The scope of the claims

 1. an over-advance means for advancing the ignition timing of the spark ignition type internal combustion engine before MB T; a variable compression ratio mechanism for changing the compression ratio of the internal combustion engine;

 Control means for increasing the compression ratio of the internal combustion engine by the variable compression ratio mechanism when the ignition timing is advanced forward from 過 に よ り by the over-advance angle means;

An internal combustion engine control system comprising:

2. The apparatus according to claim 1, further comprising first acquisition means for acquiring an amount of fuel adhering to the cylinder of the internal combustion engine,

 The control means advances the ignition timing by the over-advance angle means when the amount of attached fuel acquired by the first acquisition means is equal to or greater than a predetermined amount, and controls the compression ratio by the variable compression ratio mechanism.

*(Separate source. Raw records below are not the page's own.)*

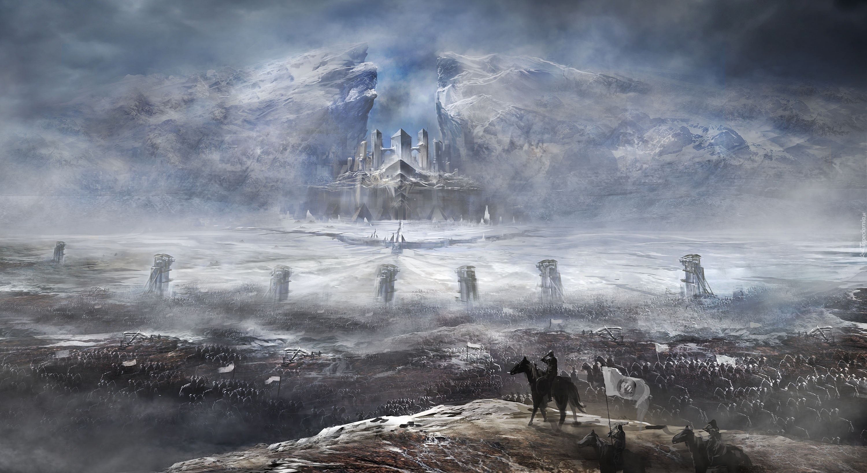 Edytor tapety: Oddział żołnierzy pod zamkiem w grafice fantasy
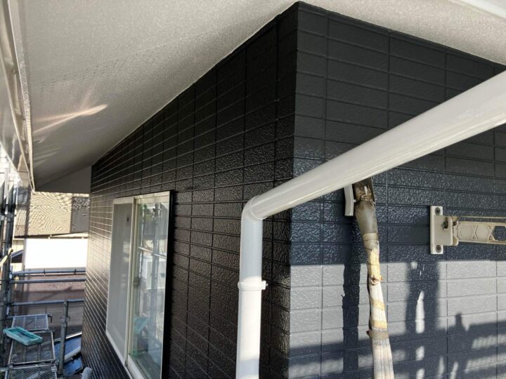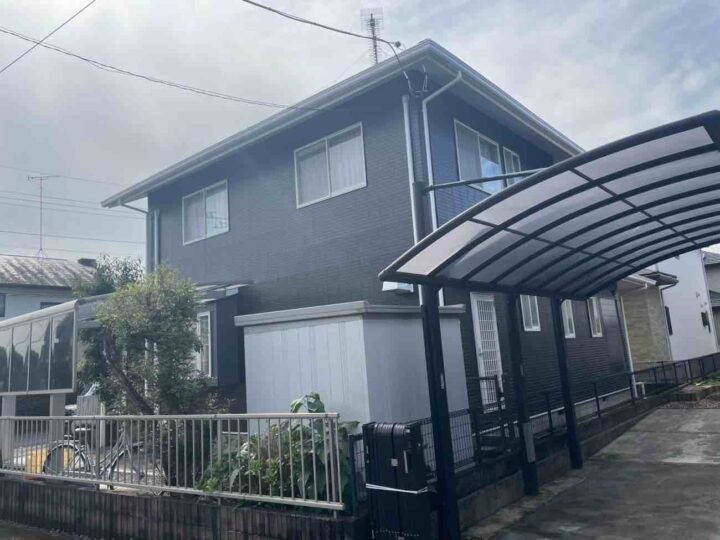 | 使用材料 | 屋根塗装:ジャパンカーボライン スーパームキコートルーフ カラー:9109 アイボリーブラック 外壁塗装:ジャパンカーボライン スーパームキコート カラー:8079 チャコール/8082 ニンバス |
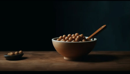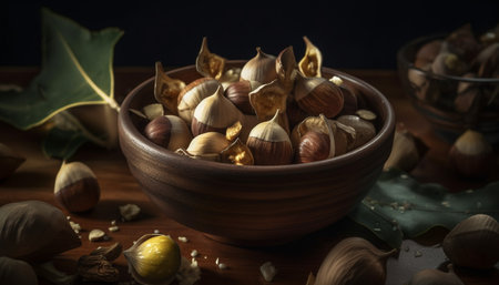 Autumn gourmet snack: hazelnut and walnut in rustic wooden bowl generated by artificial intelligence
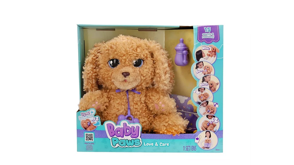 Ez a játék tiszteletet, felelősséget és gondoskodást tanít a valósághű játék révén. Tökéletes azoknak a gyerekeknek, akik kutyát szeretnének, és azoknak a szülőknek, akik nem szeretik a rendetlenséget! A játék kutya 15 különböző reakcióval és hanggal rendelkezik: ugat, csahol, böfög, szürcsöl, horkol, és úgy tűnik, mintha lélegezne, ahogy a pocakja fel-le mozog. A szülők letölthetik a Baby Paws alkalmazást is, és beírhatják gyermekük Baby Paws adatait egy szimulált állatorvosi látogatáshoz. A kicsik úgy érezhetik, mintha valóban egy új családi baráttal lépnének kapcsolatba, miközben simogatják, kiegészítőkkel látják el, és hallgatják!
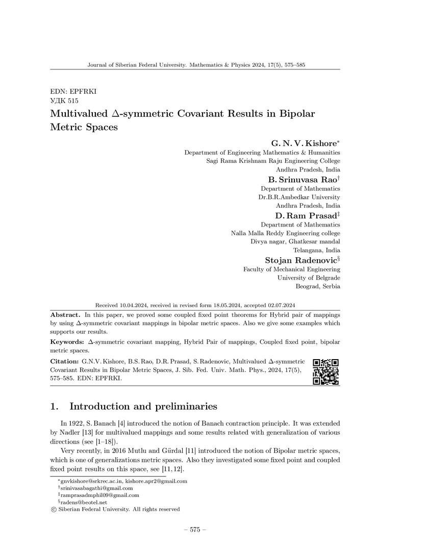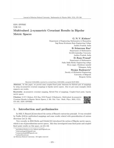 Библиографическое описание:Multivalued дельта-symmetric Covariant Results in Bipolar Metric Spaces = Многозначные дельта-симметричные ковариантные результаты в биполярных метрических пространствах / G. N. V. Kishore, B. Srinuvasa Rao, D. Ram Prasad, Stojan Radenovic. - Текст : непосредственный // Журнал Сибирского федерального университета. Математика и физика. - 2024. - Т. 17, № 5. - С. 575-585. - Библиогр.: с. 584-585. - ISSN 1997-1397.
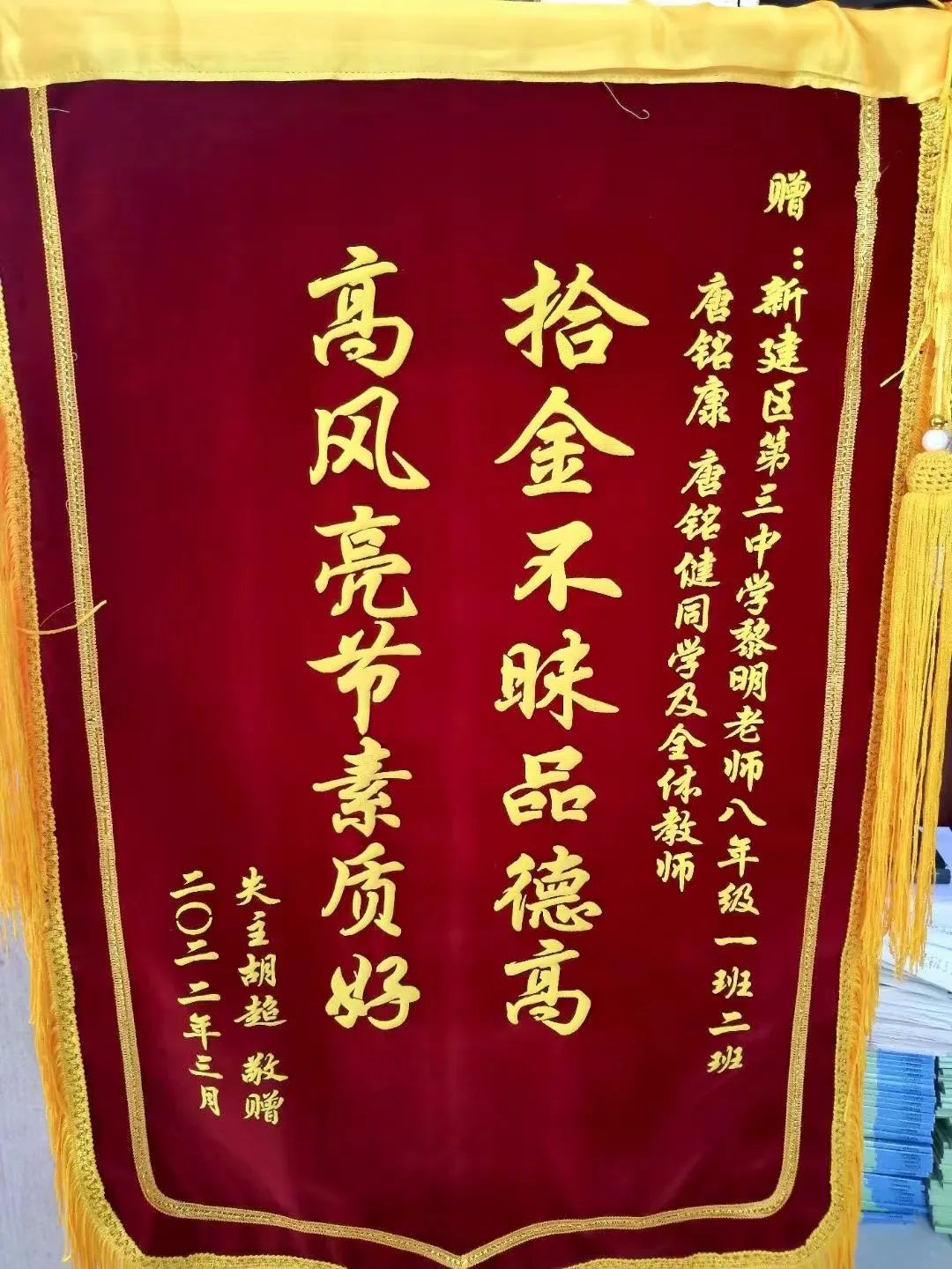 拾金不昧是中华民族的传统美德,也是一个人高尚品质和崇高社会责任感的具体体现。3月15日中午,新建三中大门值班室收到了一面锦旗,感谢新建三中初中部八(1)班唐铭康、八(2)班唐铭健两位同学拾金不昧的善举。

A control system for an internal combustion engine, characterized in that the engine is lifted.

3. The method according to claim 1 or 2, further comprising second acquisition means for acquiring an air-fuel ratio of an air-fuel mixture used for combustion in a cylinder of the internal combustion engine,

 The control system for an internal combustion engine, wherein when the air-fuel ratio acquired by the second acquisition means is lean, the control means cancels an increase in the compression ratio by the variable compression ratio mechanism.

4. The control of the internal combustion engine according to claim 3, wherein when the air-fuel ratio acquired by the second acquisition unit is lean, the control unit retards the ignition timing after MBΤ. system. A spark plug for causing a spark in the cylinder of the internal combustion engine; A variable valve mechanism for changing the compression ratio of the internal combustion engine;

 A control unit for controlling the spark plug and the variable valve mechanism;

A spark ignition internal combustion engine control system comprising:

 The control unit calculates the amount of fuel adhering to the cylinder, and when the calculation result is equal to or greater than a predetermined amount, the operation timing of the spark plug is advanced before MB T and the internal combustion engine The control system for an internal combustion engine, wherein the variable compression ratio mechanism is controlled so that the compression ratio increases.